Beautifully written!
Zenmomma said…
Beautiful Karen.
Christina said…
Wow, good thing I read that. Mom did not tell me everything, she told me she had found our grandmother; and she never told me she knew why. As for war, she told me it was because of Uncle Buddy that she had issues. I do recall going to peace marches as a child and seeing posters of the Vietnam War and how horrible those images were. I did not learn that Mom had a predjudice bone in her body until I got married and she made a comment that knocked me off my feet. Mom kept me sheltered from a lot and to this day I wish she had not but a part of me is glad she had as I have never been predjudice.
Mrs. G. said…
Yes ma'am...what a beautiful way to bring it home.
Unknown said…
I wish along with you, Karen.

Leslie
Karen, I've been thinking about your grandmother and mother since I read your haunting, beautiful post earlier. I've been thinking that, sometimes, it seems like our mothers and grandmothers show us what we don't want in our own lives, something for us to push against. It's their gift to us. It's made you sensitive and compassionate and loving, seeing or hearing about how they suffered and wishing that things could be different for others who might suffer because they are different, because they're ashamed of their heritage. Your grandmother's and your mother's experiences made you who you are, and you're a wonderful person, Karen. Is this how learning a new way happens? We imperfect humans see what we don't want, what doesn't work, and move toward something else?
Karen Jensen said…
Thank you all for your sweet comments. I think you're right, Laura. Learning a new way happens by moving toward something else--however slowly and imperfectly.
Jodi Anderson said…
Amazing post, amazing story, amazing women. And, the photo is such a treasure and, I imagine, even moreso because of the lives of the people in it.

Thank you for sharing. :)
Sojourner said…
Wow, Karen. I don't remember hearing about your grandmother, before. This is very powerful! Thank you so much for sharing it. And I, too, wish along with you.
Gina said…
Thank you for sharing this with us Karen. I too wish we could learn a new way.

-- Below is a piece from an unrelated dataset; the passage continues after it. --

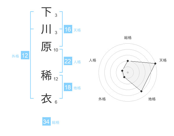 下川原 稀衣さんの総格は34画の2点!
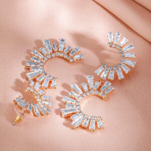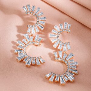 Earrings : These 18K Gold-Plated Curved Crystal Statement Drop Earrings showcase a striking curved design embellished with sparkling crystals. The 18K Gold-Plated finish adds a touch of luxury, creating a bold and elegant accessory for any special occasion. Occasion : Bring your style to a whole new level with this handcrafted piece of jewellery. When you’re celebrating a special Occasion : – a birthday, wedding, or personal milestone – this piece adds that extra something that makes us feel special and looking our best. Material : & Care Dimension : Length : 6 cm, Width: 2.2 cm Net Weight: 13.5g Net Quantity : 1 Pair Of Earrings Material :Brass Care Label : It is advisable to avoid contact with water and organic chemicals i.e. perfume sprays. Store jewellery in airtight box. After use, wipe the jewellery with soft cotton cloth.

Thanks for the personal account of the devastation of war. It tends to go on for generations after. And I agree, that photo looks like it could have been taken recently. Your grandmother's hair style must have been cutting edge in those days. A flapper tells me she had an independent spirit.
Ulrike said…
That is a wondeful post and I so agree with you.
Becky Brown said…
I'm late to the party but just have to thank you for sharing that amazing photo and for writing such a lovely post. This is so powerful.
Janet said…
My grandmother was prejudiced, too...for example, she'd tell me to walk on the other side of the street from the new (and only back then) Chinese restaurant in town so they didn't kidnap me and sell me into white slavery.